Does the distribution of mass or density of mass inside the event horizon matter for a black hole to exist as we currently theorize? Could the mass inside the event horizon be distributed in any way at all, or have any density so long as it is dense enough to locate 100% of the mass inside the Schwarzschild radius?

  • $\begingroup$ You could say that but it isn't exactly the same question. That question is basically are singularities real? I'm asking whether there is anything in the math that makes up our current understanding of a black hole that allows for different distributions and densities of mass inside the event horizon. $\endgroup$
    – Kanero
    Dec 29 '16 at 21:44
  • $\begingroup$ Quark degeneracy pressure (if it's existence can be proven) could theoretically sustain the shape of the collapsed core, while balancing the gravitational forces within the object, much like neutron degeneracy does for neutron stars.

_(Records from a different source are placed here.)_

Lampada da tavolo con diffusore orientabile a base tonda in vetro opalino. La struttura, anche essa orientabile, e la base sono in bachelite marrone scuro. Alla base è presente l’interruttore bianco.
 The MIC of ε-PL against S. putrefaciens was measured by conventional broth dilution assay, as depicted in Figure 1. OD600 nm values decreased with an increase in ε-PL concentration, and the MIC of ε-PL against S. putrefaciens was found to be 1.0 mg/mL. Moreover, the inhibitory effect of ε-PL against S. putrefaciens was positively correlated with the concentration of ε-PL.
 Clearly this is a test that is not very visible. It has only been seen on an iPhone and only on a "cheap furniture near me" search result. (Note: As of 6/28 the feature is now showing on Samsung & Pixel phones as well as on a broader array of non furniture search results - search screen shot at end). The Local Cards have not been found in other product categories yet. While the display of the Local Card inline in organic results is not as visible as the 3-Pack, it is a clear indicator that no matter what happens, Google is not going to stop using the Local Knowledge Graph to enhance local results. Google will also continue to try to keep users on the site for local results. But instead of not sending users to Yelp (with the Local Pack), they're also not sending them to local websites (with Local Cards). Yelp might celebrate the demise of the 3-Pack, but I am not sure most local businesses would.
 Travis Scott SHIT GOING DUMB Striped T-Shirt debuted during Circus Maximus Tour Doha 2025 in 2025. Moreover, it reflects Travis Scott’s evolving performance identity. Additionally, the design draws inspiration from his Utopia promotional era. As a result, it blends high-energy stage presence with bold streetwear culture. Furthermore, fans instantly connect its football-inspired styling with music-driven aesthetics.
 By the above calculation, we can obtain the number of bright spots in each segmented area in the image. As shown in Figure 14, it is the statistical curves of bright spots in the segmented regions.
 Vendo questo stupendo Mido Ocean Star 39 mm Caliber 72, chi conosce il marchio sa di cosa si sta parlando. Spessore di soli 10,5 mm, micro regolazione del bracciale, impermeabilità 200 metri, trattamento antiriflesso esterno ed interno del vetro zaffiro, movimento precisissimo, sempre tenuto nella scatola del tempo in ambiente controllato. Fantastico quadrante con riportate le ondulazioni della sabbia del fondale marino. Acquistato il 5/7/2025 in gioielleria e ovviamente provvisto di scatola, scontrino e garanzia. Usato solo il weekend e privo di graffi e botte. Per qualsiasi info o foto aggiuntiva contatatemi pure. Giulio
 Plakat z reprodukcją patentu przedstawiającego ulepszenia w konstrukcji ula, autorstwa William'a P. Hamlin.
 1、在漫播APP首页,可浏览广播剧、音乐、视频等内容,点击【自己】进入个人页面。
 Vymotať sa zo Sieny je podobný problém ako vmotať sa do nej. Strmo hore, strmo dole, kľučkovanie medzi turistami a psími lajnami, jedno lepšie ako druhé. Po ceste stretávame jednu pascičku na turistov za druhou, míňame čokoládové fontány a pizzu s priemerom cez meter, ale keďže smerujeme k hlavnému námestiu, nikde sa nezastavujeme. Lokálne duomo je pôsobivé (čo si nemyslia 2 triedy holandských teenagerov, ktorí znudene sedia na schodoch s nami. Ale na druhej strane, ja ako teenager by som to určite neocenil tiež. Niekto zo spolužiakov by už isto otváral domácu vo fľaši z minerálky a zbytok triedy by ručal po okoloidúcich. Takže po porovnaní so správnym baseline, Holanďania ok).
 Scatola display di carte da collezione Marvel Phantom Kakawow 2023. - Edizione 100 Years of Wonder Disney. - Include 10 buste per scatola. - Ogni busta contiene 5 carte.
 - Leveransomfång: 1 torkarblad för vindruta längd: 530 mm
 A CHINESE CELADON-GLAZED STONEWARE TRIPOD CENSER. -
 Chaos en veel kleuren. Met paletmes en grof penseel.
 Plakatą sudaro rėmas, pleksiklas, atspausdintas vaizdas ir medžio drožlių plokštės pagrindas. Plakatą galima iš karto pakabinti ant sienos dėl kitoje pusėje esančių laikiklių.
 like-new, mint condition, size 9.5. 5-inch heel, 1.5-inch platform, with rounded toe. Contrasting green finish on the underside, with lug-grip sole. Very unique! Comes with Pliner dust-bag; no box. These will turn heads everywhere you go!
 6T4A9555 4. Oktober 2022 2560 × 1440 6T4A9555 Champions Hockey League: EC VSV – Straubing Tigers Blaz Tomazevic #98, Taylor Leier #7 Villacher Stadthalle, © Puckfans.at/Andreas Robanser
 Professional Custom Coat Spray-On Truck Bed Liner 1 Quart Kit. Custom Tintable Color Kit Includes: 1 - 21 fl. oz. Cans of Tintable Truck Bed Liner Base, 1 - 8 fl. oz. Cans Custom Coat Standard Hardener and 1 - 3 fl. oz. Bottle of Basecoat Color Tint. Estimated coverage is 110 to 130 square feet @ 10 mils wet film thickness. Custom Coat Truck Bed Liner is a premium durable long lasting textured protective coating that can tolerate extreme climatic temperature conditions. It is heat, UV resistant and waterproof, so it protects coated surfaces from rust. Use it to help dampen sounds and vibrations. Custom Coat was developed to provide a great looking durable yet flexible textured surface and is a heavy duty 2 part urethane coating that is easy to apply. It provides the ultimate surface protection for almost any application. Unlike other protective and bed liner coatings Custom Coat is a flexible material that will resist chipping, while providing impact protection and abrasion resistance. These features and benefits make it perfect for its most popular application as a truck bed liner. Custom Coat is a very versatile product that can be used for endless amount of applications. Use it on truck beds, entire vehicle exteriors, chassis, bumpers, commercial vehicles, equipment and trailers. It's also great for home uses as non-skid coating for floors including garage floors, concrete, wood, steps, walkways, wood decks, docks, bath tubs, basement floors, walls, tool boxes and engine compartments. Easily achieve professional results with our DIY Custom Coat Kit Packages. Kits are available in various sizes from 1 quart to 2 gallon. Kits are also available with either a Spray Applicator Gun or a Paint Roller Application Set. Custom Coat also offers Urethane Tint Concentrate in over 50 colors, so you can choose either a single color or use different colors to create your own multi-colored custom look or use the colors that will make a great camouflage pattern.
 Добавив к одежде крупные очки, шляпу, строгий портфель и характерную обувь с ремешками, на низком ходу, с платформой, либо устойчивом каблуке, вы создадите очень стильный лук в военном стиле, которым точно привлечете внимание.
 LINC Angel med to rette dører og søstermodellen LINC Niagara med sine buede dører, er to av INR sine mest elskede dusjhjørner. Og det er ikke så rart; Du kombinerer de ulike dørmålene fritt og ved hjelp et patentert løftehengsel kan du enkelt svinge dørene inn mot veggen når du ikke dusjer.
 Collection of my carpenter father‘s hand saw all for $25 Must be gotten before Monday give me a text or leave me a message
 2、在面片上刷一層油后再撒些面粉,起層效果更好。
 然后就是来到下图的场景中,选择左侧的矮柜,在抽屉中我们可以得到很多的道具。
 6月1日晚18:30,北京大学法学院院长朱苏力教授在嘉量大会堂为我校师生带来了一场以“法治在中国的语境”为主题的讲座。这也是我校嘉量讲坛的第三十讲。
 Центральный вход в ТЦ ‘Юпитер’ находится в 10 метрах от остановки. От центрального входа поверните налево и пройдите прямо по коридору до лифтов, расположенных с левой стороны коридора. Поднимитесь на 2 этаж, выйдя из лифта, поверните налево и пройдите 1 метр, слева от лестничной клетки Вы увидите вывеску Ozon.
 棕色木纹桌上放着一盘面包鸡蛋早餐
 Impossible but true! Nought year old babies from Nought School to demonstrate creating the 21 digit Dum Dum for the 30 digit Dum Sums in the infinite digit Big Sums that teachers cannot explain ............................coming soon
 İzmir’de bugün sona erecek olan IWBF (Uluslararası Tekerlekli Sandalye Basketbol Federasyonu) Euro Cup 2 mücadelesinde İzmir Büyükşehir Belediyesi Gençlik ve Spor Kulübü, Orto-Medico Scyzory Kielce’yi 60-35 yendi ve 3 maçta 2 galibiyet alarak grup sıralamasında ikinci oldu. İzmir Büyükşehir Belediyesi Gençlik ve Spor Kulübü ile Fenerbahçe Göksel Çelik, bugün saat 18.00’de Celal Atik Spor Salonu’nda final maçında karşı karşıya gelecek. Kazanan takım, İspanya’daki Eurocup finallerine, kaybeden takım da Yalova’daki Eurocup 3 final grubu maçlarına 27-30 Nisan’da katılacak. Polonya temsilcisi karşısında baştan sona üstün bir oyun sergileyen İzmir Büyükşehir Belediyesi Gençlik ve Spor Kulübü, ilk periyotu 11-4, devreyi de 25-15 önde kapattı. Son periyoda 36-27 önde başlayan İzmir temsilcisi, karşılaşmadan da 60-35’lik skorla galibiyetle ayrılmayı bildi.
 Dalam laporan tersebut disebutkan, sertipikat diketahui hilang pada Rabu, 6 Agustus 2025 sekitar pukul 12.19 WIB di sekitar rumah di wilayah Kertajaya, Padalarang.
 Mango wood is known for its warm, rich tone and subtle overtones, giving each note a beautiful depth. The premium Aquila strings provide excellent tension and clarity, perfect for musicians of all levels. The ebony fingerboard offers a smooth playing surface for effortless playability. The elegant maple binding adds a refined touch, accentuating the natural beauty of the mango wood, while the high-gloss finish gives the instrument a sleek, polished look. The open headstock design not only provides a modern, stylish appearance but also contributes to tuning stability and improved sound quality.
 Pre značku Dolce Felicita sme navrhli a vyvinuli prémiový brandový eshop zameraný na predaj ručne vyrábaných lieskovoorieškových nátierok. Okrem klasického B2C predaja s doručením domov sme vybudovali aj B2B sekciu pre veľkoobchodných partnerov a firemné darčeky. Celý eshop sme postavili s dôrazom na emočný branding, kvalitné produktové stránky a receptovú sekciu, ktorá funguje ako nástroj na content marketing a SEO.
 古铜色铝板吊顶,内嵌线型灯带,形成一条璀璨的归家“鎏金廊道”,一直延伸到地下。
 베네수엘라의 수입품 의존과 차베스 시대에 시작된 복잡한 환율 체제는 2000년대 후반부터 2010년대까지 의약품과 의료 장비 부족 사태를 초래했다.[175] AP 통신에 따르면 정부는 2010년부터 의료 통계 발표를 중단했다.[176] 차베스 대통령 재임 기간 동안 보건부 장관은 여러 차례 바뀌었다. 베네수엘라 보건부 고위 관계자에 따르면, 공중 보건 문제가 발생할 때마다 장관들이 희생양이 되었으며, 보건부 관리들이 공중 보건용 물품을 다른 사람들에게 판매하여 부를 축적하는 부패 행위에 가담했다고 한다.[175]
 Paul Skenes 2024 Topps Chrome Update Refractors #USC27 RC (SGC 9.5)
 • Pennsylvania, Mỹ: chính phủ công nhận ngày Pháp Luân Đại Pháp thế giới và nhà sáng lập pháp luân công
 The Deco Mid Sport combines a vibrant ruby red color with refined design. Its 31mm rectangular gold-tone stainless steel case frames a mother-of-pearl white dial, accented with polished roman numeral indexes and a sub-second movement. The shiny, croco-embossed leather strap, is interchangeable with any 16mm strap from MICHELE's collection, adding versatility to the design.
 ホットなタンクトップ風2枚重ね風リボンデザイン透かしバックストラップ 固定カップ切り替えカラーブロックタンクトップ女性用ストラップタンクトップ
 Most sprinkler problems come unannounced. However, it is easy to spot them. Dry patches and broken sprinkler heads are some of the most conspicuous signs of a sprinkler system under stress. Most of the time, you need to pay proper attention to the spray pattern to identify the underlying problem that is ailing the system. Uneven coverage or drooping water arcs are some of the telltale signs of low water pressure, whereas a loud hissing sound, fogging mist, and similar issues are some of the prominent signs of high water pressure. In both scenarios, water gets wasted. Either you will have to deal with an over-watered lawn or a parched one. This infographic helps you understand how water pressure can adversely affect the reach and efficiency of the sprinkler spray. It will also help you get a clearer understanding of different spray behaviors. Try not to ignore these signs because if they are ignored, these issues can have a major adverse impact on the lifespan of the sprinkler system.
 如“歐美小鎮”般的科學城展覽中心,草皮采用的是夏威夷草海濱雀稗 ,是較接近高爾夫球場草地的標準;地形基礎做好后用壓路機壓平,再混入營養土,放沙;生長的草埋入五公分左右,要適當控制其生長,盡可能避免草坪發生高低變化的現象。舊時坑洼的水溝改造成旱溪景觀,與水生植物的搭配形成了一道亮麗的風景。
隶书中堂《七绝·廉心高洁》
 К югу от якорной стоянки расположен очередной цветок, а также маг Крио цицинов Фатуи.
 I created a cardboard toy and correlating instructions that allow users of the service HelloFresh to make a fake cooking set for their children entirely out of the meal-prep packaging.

All while maintaining a radius less than a Schwarzchild radius. But good luck finding a scientist willing to back that up aloud in public. $\endgroup$
    – LaserYeti
    Dec 31 '16 at 3:37

As a star or neutron star collapses to form a blackhole there will, of course, be a moment when the matter is distributed everywhere within the event horizon. So, there may not be a singularity within a full fledged blackhole, at first. But, the inward forces within the event horizon are irresistible (considering that escape velocity is greater than the speed of light) and so everything within the event horizon must fall into a singularity. How long this takes is complicated by the issue of which reference frame you chose to time it.